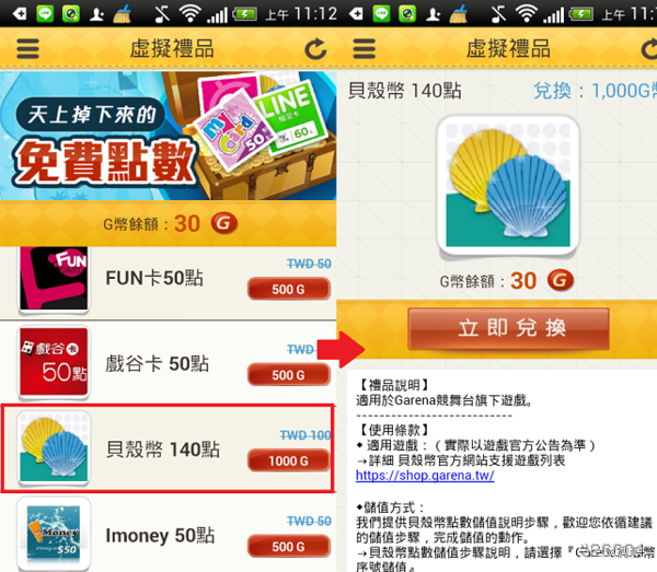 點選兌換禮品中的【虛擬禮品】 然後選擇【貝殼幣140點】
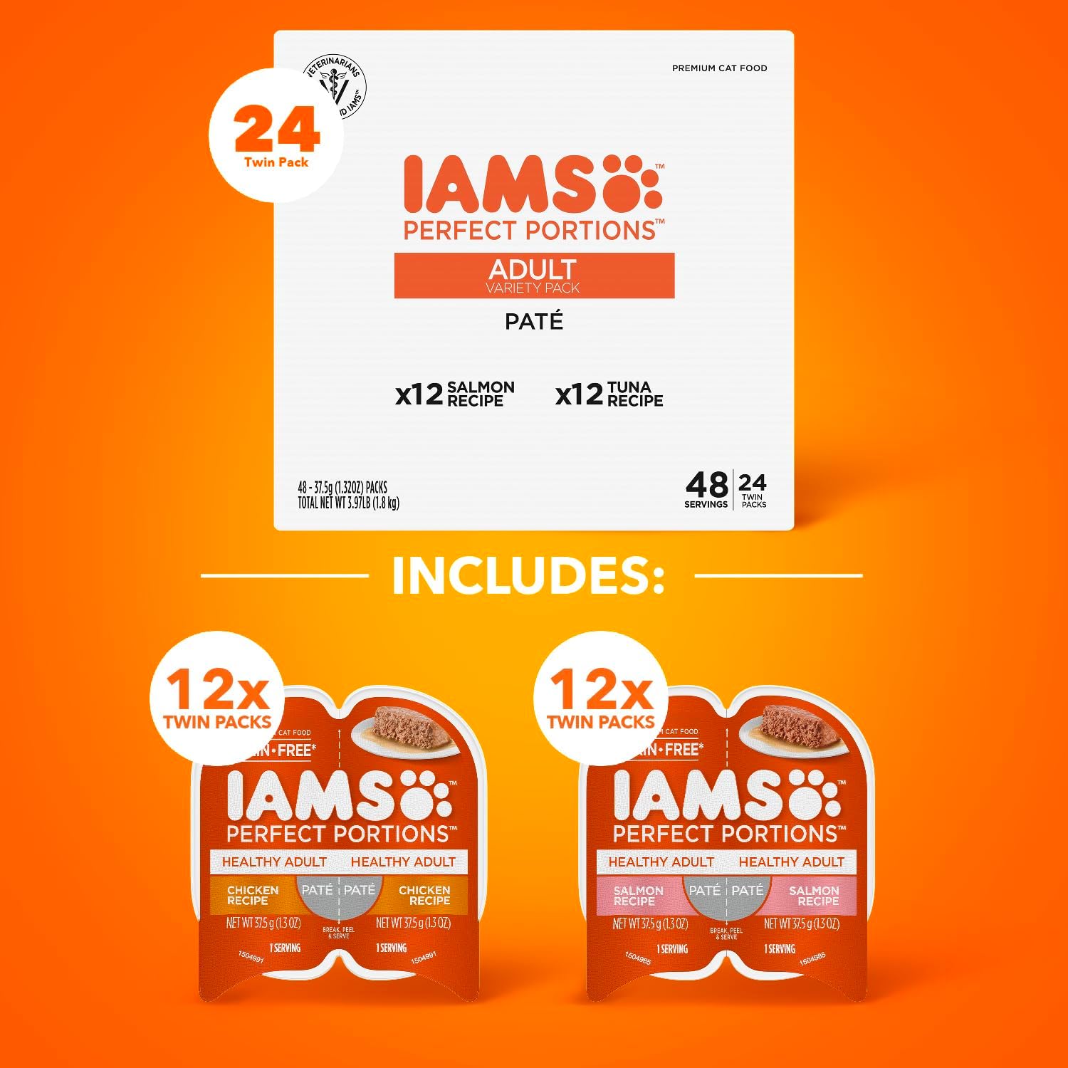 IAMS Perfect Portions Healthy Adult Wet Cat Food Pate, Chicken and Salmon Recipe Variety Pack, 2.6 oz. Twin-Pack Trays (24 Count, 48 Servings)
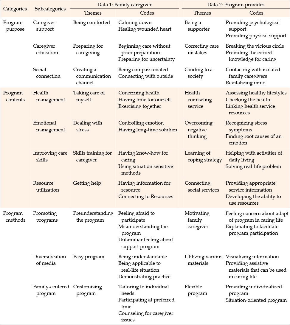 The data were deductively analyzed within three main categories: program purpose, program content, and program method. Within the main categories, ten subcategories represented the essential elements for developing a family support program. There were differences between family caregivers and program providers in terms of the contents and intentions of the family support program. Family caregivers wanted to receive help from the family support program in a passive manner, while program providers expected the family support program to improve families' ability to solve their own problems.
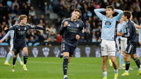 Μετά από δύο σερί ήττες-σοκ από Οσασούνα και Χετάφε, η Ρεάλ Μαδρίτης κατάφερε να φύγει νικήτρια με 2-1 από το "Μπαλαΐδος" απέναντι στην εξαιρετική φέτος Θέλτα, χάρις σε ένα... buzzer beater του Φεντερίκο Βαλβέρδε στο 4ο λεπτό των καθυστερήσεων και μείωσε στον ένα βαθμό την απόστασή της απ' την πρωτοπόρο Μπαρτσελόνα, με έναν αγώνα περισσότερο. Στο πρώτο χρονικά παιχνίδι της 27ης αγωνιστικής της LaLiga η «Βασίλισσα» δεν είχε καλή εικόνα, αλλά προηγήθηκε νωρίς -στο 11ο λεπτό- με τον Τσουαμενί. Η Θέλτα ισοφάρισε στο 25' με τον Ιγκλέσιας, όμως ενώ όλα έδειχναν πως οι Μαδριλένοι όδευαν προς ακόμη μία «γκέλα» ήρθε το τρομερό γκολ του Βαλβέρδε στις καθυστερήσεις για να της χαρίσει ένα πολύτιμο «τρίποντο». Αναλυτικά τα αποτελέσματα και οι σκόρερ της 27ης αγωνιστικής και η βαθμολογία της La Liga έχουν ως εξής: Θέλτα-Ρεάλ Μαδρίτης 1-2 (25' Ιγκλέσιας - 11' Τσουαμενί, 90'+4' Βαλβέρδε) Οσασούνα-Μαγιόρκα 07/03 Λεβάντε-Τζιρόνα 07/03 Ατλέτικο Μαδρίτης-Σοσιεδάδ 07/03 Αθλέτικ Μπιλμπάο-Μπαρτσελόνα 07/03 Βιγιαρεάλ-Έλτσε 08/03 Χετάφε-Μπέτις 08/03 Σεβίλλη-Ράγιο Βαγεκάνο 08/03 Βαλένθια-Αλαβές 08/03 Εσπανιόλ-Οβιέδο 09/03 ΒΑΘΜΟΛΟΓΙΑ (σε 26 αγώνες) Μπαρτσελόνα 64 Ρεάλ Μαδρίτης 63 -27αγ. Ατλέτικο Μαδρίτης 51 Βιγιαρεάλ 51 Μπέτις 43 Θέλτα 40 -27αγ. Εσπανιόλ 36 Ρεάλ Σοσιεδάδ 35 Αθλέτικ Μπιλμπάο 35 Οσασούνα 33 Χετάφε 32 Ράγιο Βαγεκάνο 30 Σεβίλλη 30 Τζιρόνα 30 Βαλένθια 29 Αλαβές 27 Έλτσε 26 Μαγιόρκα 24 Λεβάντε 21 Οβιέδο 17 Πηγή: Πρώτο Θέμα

What is required:
Transcribe all the lines above exactly; any image among them is skipped.

Result:
 點選兌換禮品中的【虛擬禮品】 然後選擇【貝殼幣140點】
 IAMS Perfect Portions Healthy Adult Wet Cat Food Pate, Chicken and Salmon Recipe Variety Pack, 2.6 oz. Twin-Pack Trays (24 Count, 48 Servings)
 The data were deductively analyzed within three main categories: program purpose, program content, and program method. Within the main categories, ten subcategories represented the essential elements for developing a family support program. There were differences between family caregivers and program providers in terms of the contents and intentions of the family support program. Family caregivers wanted to receive help from the family support program in a passive manner, while program providers expected the family support program to improve families' ability to solve their own problems.
 Μετά από δύο σερί ήττες-σοκ από Οσασούνα και Χετάφε, η Ρεάλ Μαδρίτης κατάφερε να φύγει νικήτρια με 2-1 από το "Μπαλαΐδος" απέναντι στην εξαιρετική φέτος Θέλτα, χάρις σε ένα... buzzer beater του Φεντερίκο Βαλβέρδε στο 4ο λεπτό των καθυστερήσεων και μείωσε στον ένα βαθμό την απόστασή της απ' την πρωτοπόρο Μπαρτσελόνα, με έναν αγώνα περισσότερο. Στο πρώτο χρονικά παιχνίδι της 27ης αγωνιστικής της LaLiga η «Βασίλισσα» δεν είχε καλή εικόνα, αλλά προηγήθηκε νωρίς -στο 11ο λεπτό- με τον Τσουαμενί. Η Θέλτα ισοφάρισε στο 25' με τον Ιγκλέσιας, όμως ενώ όλα έδειχναν πως οι Μαδριλένοι όδευαν προς ακόμη μία «γκέλα» ήρθε το τρομερό γκολ του Βαλβέρδε στις καθυστερήσεις για να της χαρίσει ένα πολύτιμο «τρίποντο». Αναλυτικά τα αποτελέσματα και οι σκόρερ της 27ης αγωνιστικής και η βαθμολογία της La Liga έχουν ως εξής: Θέλτα-Ρεάλ Μαδρίτης 1-2 (25' Ιγκλέσιας - 11' Τσουαμενί, 90'+4' Βαλβέρδε) Οσασούνα-Μαγιόρκα 07/03 Λεβάντε-Τζιρόνα 07/03 Ατλέτικο Μαδρίτης-Σοσιεδάδ 07/03 Αθλέτικ Μπιλμπάο-Μπαρτσελόνα 07/03 Βιγιαρεάλ-Έλτσε 08/03 Χετάφε-Μπέτις 08/03 Σεβίλλη-Ράγιο Βαγεκάνο 08/03 Βαλένθια-Αλαβές 08/03 Εσπανιόλ-Οβιέδο 09/03 ΒΑΘΜΟΛΟΓΙΑ (σε 26 αγώνες) Μπαρτσελόνα 64 Ρεάλ Μαδρίτης 63 -27αγ. Ατλέτικο Μαδρίτης 51 Βιγιαρεάλ 51 Μπέτις 43 Θέλτα 40 -27αγ. Εσπανιόλ 36 Ρεάλ Σοσιεδάδ 35 Αθλέτικ Μπιλμπάο 35 Οσασούνα 33 Χετάφε 32 Ράγιο Βαγεκάνο 30 Σεβίλλη 30 Τζιρόνα 30 Βαλένθια 29 Αλαβές 27 Έλτσε 26 Μαγιόρκα 24 Λεβάντε 21 Οβιέδο 17 Πηγή: Πρώτο Θέμα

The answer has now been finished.